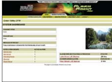
System Dashboard Screen Review and access alarms from a single screen.

AlarmAgent.com’s user-friendly, web-based interface puts everything you need right at your fingertips. The easy-to-use control panel allows you to access WRTU status, notification order and contact preferences, alarm activity (even across multiple stations) and details of alarm acknowledgment activity. And no additional software is required.
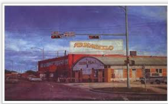
Armadillo World Headquarters 1979 - Austin,
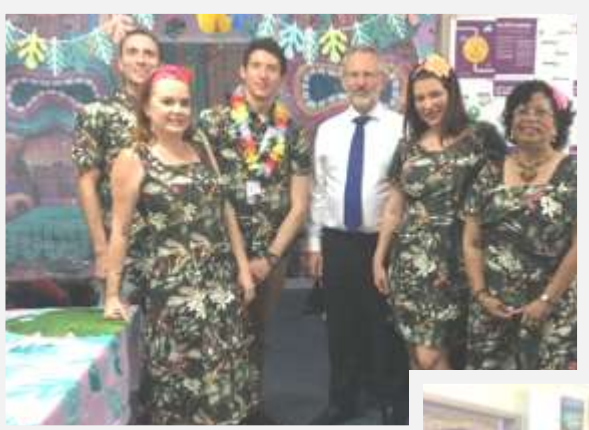
Many of the 121 WSLARS members enjoyed the tropical theme at Café Leisure.
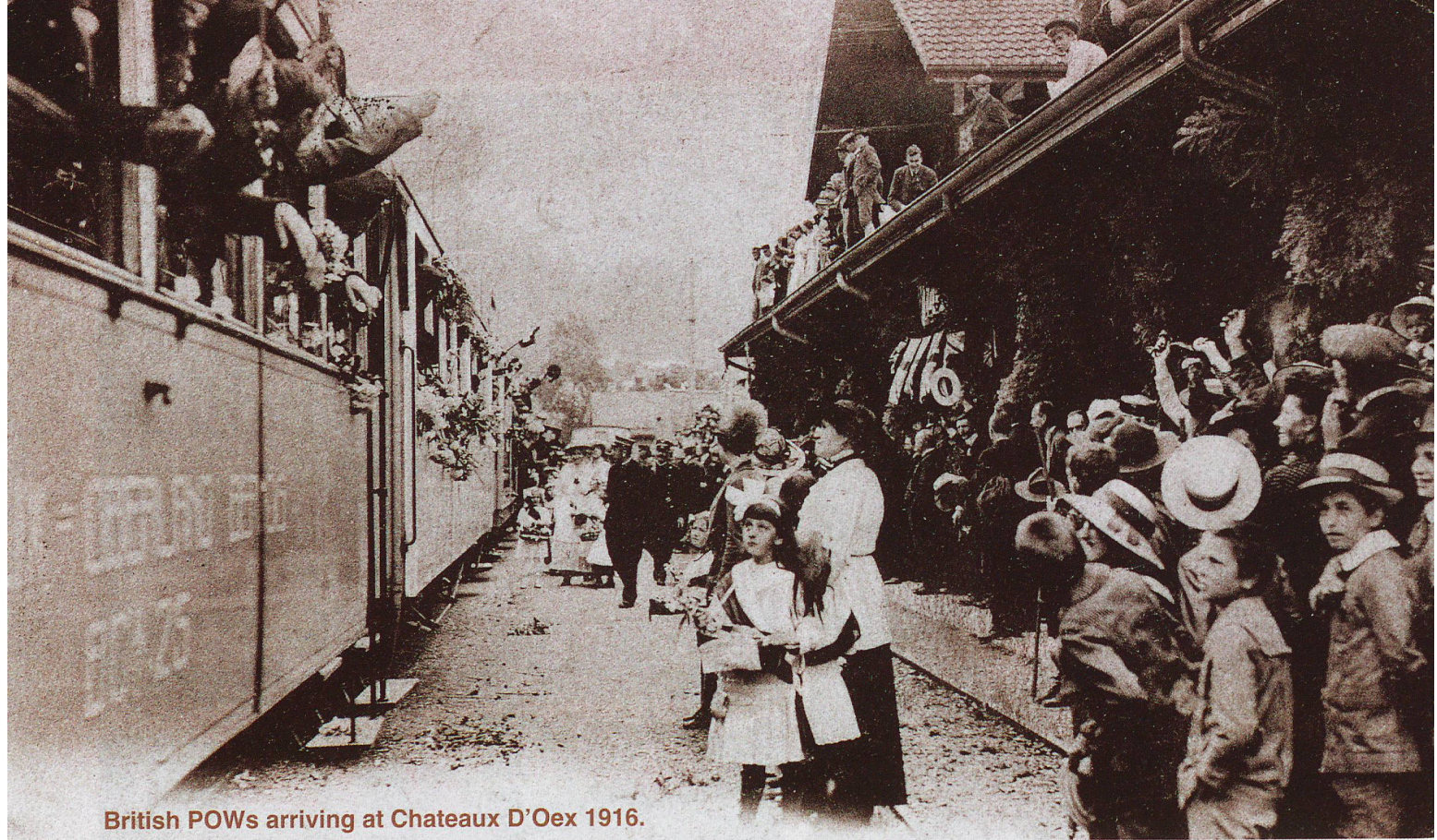
British POWs arriving at Chateaux D'Oex 1916.
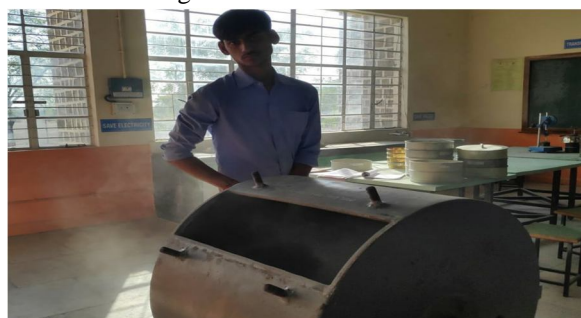
Figure 12 Los Angeles Abrasion test

Los Angeles Abrasion Test on aggregate is the measure of aggregate toughness and abrasion resistance such as crushing, degradation and disintegration. This test is carried out by AASHTO T 96 or ASTM C 131: Resistance to Degradation of small size coarse aggregate by abrasion and impact in the Los Angeles machine
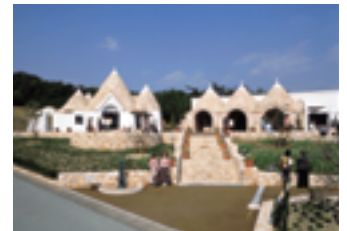
The Little World Museum of Man

------------------------------------------------------------

▶ PROBLEM REQUIREMENTS
When a line among the entries above contains "test", copy it.

▶ SOLVED EXERCISE
Figure 12 Los Angeles Abrasion test
Los Angeles Abrasion Test on aggregate is the measure of aggregate toughness and abrasion resistance such as crushing, degradation and disintegration. This test is carried out by AASHTO T 96 or ASTM C 131: Resistance to Degradation of small size coarse aggregate by abrasion and impact in the Los Angeles machine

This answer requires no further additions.